I took the family to visit the Tuol Sleng Genocide Museum here in Phnom Penh. It is the former secret prison where confessions were tortured out of bewildered and frightened Cambodians and then they were shipped off site for execution at the Killing Fields outside of Phnom Penh. That site is now the Choeung Ek Genocide Center.

Tuol Sleng was established in 1975 when the Khmer Rouge took the country and forced the residents of Phnom Penh and the other cities into the countryside to work in some crazed misinterpreted fantasy of an agrarian paradise where peasants were idealized and everyone held hands as they ate their heart-shaped cupcakes and rode unicorns over rainbow bridges and sang the Cambodian equivalent of Kumbaya… at least they did in Pol Pot’s head.
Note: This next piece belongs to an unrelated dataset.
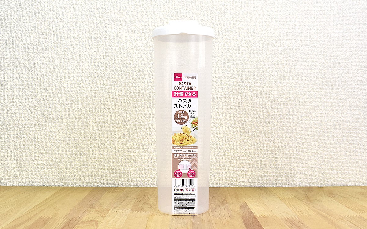 品数豊富であらゆる商品を扱う100円ショップ・ダイソー。中でもキッチン用品は定番品から便利グッズまで幅広い品揃えが特徴的です。今回はどこのご家庭でも大活躍間違いなしの、立てて保存できるメジャー付き「パスタストッカー」をご紹介しましょう。

In reality, they were all working themselves to death.

Of course, there were thousands who tried to escape or otherwise pissed off their guards, so they had to be sent somewhere. There were the thousands of educated Cambodians who were untrustworthy and those who had somehow supported the Lon Nol regime or in some way transgressed the mad hellscape of Khmer Rouge ideology. One of those places was Tuol Sleng or S-21.

It was established on the site of two schools in Phnom Penh. The site sprawled through the area of Phnom Penh to accommodate all the prisoners, administration, and support staff. Nowadays, the museum occupies only the core of what once was. The pressure of the burgeoning population of Phnom Penh having encroached upon the campus.

Here it is estimated that over 18,000 people were detained, tortured, and executed during the four years of Khmer Rouge rule.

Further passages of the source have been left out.